Paroxetine in the treatment of obsessive‐compulsive disorder: randomized, double‐blind, placebo‐controlled study in Japanese patients

  The efficacy of paroxetine in the treatment of obsessive‐compulsive disorder in Western populations is well established. The present study compares the efficacy and safety of paroxetine with placebo in the treatment of obsessive‐compulsive disorder in Japanese patients. Patients aged 16 years or older who met Diagnostic and Statistical Manual of Mental Disorders (4th edn; DSM‐IV) criteria for obsessive‐compulsive disorder and had a Yale–Brown Obsessive‐Compulsive Scale (Y‐BOCS) score of ≥16 were randomized to receive 12 weeks’ therapy in a double‐blind manner.

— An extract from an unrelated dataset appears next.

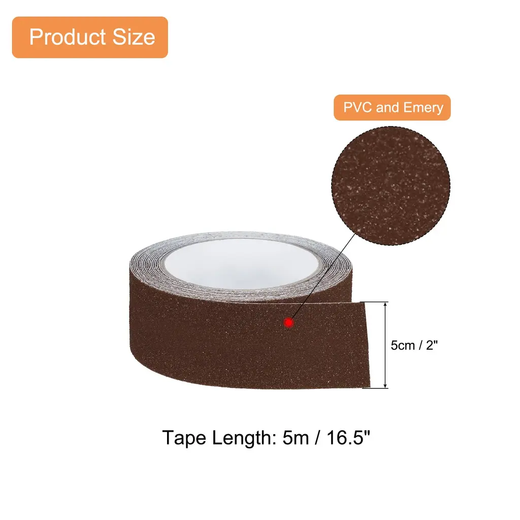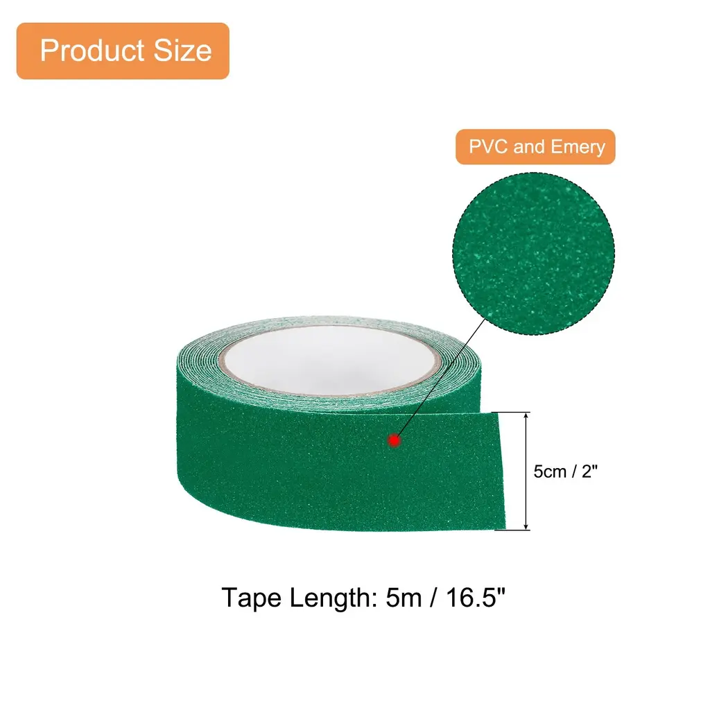 Description:1. The non-slip tape is made of waterproof and durable PVC frosted materials with a special sand surface structure, ensuring its long-lasting non-slip effect in both indoor and outdoor environments.2. This non-grid tape has a strong backing adhesive, and the frosted and non-skid pattern enhances traction and grip, designed to improve safety by preventing slips, trips, and falls.3. Peel off the backing of the tape and apply it to clean and dry surfaces, then press firmly to ensure proper adhesion. The self-adhesive backing allows for easy installation without the need for additional tools or adhesives, and you can cut the tape to the desired length using scissors or a utility knife.4. This non skid tape is great for a wide range of applications, including stairs, stair treads, walkways, decks, platforms, and other areas where slip resistance is needed, which can be used both indoors and outdoors.5. Ensure that the surface to which the tape is applied is clean, dry, and free of any dust, dirt, or grease. Smooth out any air bubbles or wrinkles during installation to maximize the tape's effectiveness.Specification:Material: PVC and EmeryTape Width: 5 cm/2 inchTape Length: 5 m/16.5 inchPackage Included: 1pc x non skid tape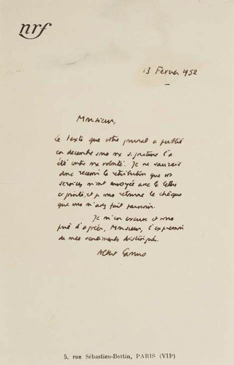 Écrivain français. Prix Nobel de littérature (1957). L.a.s. «

Paroxetine 20–50 mg/day or placebo was administered following a 1 week, placebo run‐in phase. One hundred and ninety‐one patients were randomized to either paroxetine or placebo, 188 patients were assessed as the full analysis set (FAS) and 144 patients completed the 12 week study. After adjustment for the Y‐BOCS total score at baseline, reductions in obsessive‐compulsive total score at week 6 and at the end of therapy were significantly greater in the paroxetine group than the placebo group. Most of the adverse events that occurred during the study were of mild to moderate intensity. Paroxetine is effective and well tolerated in Japanese adult patients with obsessive‐compulsive disorder.